Ineptitude vs. Lying
Thursday, March 19th, 2009Somebody asked me recently about the most outrageous software demonstration I had ever participated in. I have two…couldn’t choose between them.
The first…was my first. Way back in 1990. This particular software company came to my employer’s office with two sales professionals. One was the local sales rep – the other guy was brand new to the software company. So new, that this was his first day on the job…a bit of a gunslinger was he.
These two guys were so out of sync with each other….the low-point came when they actually wrestled the keyboard from each other trying to make a point. Very funny. Needless to say we killed them…The demonstration was so bad that it worked to their favor. I contacted the president of the software company and explained what happened. He came out and did the demo with another sales professional…and they eventually won the sale.
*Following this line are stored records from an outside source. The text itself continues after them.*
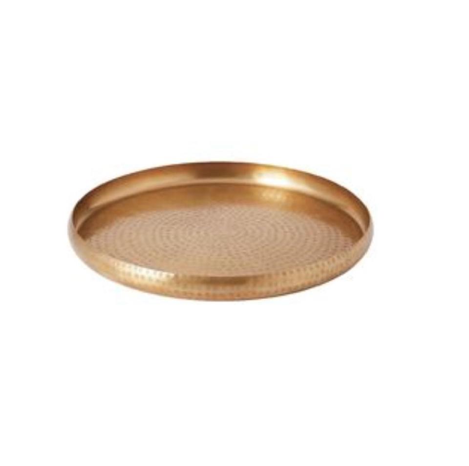 ถาดเสิร์ฟทองเหลืองทรงกลมลายนูนพื้นผิวโบราณเหมาะสำหรับงานรื่นเริงและการจัดตกแต่งบ้านบนโต๊ะที่หรูหรา
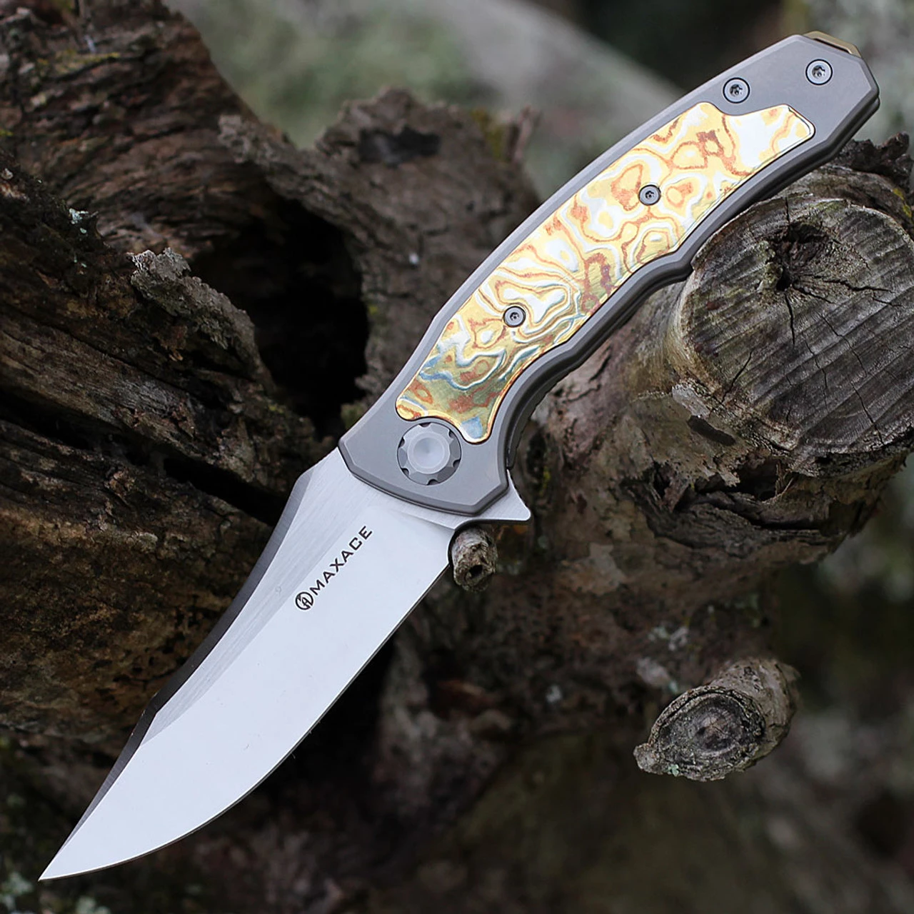 Maxace Halictus 2.0 Frame Lock (MHLT201) – 3.9″ M390 Satin Blade, – Titanium Handle with Mokume Inlay Â
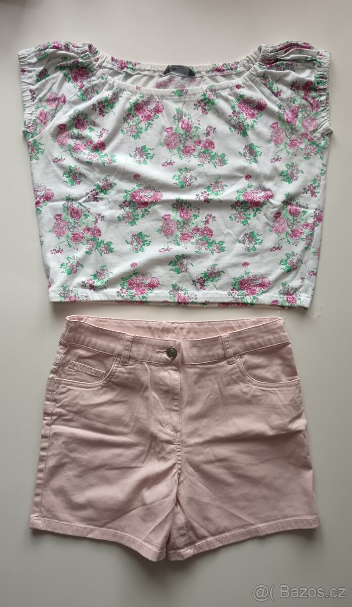 1. Krásné, meruňkové kraťasy pas 36 cm, CD 34 2. Krásné tričko CD 45 cm, šířka 48 cm
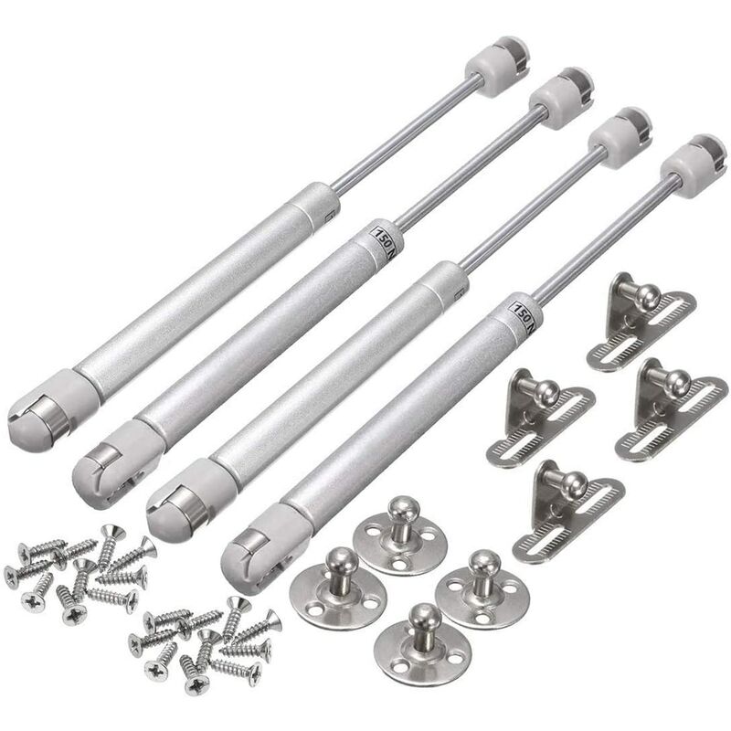 Materiale: il supporto dell'ammortizzatore a gas è realizzato in plastica ABS e robusta lega di zinco, antiruggine e molto resistente. Materiale superiore realizzato per l'albero, ad alta resistenza, durevole e pratico Forte pressione del gas - Il supporto di pressione di ciascuna molla può raggiungere 150 N (15 kg), cilindro del pistone riempito con gas inerte - azoto, comprimibilità, stabilità e sicurezza Supporto elastico - Adotta il sistema idraulico per un facile utilizzo, ammortizzatore a stadio intero e buona tenuta senza perdite d'olio Installazione stabile: facile da installare, durevole e stabile. La staffa di sollevamento a gas è adatta per armadi, armadi, ante di mobili, ecc Scenario Applicabile - Adatto a qualsiasi tipo di porta in PVC, alluminio o legno;
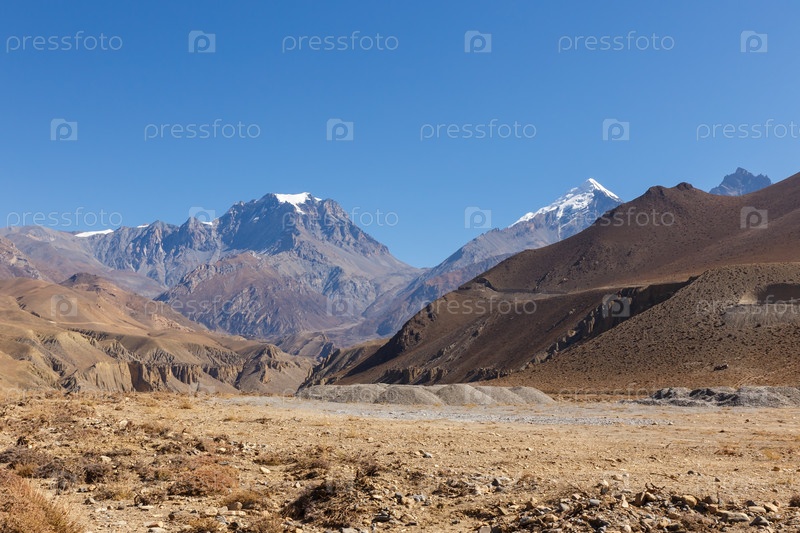 Горы Якваканг и Кхатунгканг. Перевал Торунг Ла. Вид из села Кагбени. Район Мустанг, Непал

Interestingly in retrospect…this whole little drama was the first step in me forming Lupine Partners. More on this another time.
Lesson: If you are going to be bad…be REAL bad.
Second really bad software demonstration: As more and more technology has become Internet based, it is not unusual for software vendor salespersons to request Internet connections to be made available during the demonstrations. This particular vendor made a big deal about having the connection; processing over the Internet was a large consideration for this particular client.
The demonstration started, and very quickly we began to go through the scripts. The software vendor salesperson was talking about the speed of the processing. I looked up at the screen and noticed that the whole demonstration was running on c:\localhost, which for the technically challenged means that the entire demonstration was running locally on the vendor’s laptop. In other words, the entire Internet connection “hook-in” was a sham. I held my tongue to see if the representative would correct his misdirection. He didn’t. He proceeded through the whole day talking about the speed of the vendor’s internet product. When I held the debriefing that night, I asked the team about the Internet speed. They were very impressed. I then asked how many of them knew that the entire demonstration was local, processed on the software vendor salesperson’s laptop. The IT director raised his hand. The other people in the room were shocked—and then they were angry. We had a long discussion about product and company—good product, bad company.
The really interesting turn on this story was that three weeks later I was going through demonstrations with another client with this same vendor. The same thing happened again. It was an entirely different sales team; in fact, these were senior sales people. I held my tongue and then did the same thing at night: revealed what had been done to the project team. Same result, same anger.
All of this was avoidable. All the sales representative had to do was disclose upfront that he was going to do the bulk of the demonstration locally in the interest of speed and timing. That’s what everybody else does. But they were insecure about the functionality of their Internet offering that they misled.
The really interesting point is that the software company in all 3 examples…from 1990 to 2004…is the same company.